Question

Check if the function is continuous.

Answer 1

\[f(x) = \left\{ {{{x^2 + 6x - 16} \over {x^2 + x -6}}, x \neq 2} \right\}\]
\[{7x - 4}, x =2\]

Answer 2

I can't order the brackets

Answer 3

x^2+x-6=(x+3)(x-2) x^2+6x-16 doesn't have either factor so the limit does not exsit at -3 and 2 so the function is not continuous at either x

Answer 4

oh x=2 is defined for 7x-4

Answer 5

still since the limit doesn't exist at x=2 then f is not continuous there

Answer 6

yeap. sorry for that.

Answer 7

Oh!
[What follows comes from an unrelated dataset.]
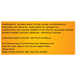 Refined Wheat Flour, Sugar, Hydrogenated Vegetable Fat (Palm Oil, Sunflower Oil, Sesame Oil), Cashew Bits, Milk Solids, Cherry (Tuity Fruity), Glucose Powder, Baking Powder, Natural Identical/Artificial Flavour. Contains Added Flavour - Mixed Fruit & Vanilla.
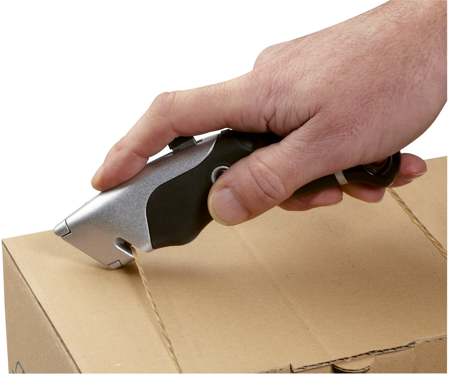 - Zerschneiden von Packschnüren mit zurückgezogener Klinge möglich

OK! Thanks.

Answer 8

all you have to do is make sure the limit exists and the limx->af(x)=f(a) then f is continuous at x=a

Answer 9

\[\lim_{x\rightarrow 2}f(x)=\lim_{x\rightarrow 2}\frac{x^2+6x-16}{x^2+x-6}=\lim_{x\rightarrow 2}\frac{(x+8)(x-2)}{(x+3)(x-2)}=\lim_{x\rightarrow 2}\frac{x+8}{x+3}=2\]
\[f(2)=7\cdot 2-4=10\]
\[\lim_{x\rightarrow 2}f(x)\neq f(2)\Rightarrow f(x)\quad not\enspace continuous\]

Answer 10

Thanks!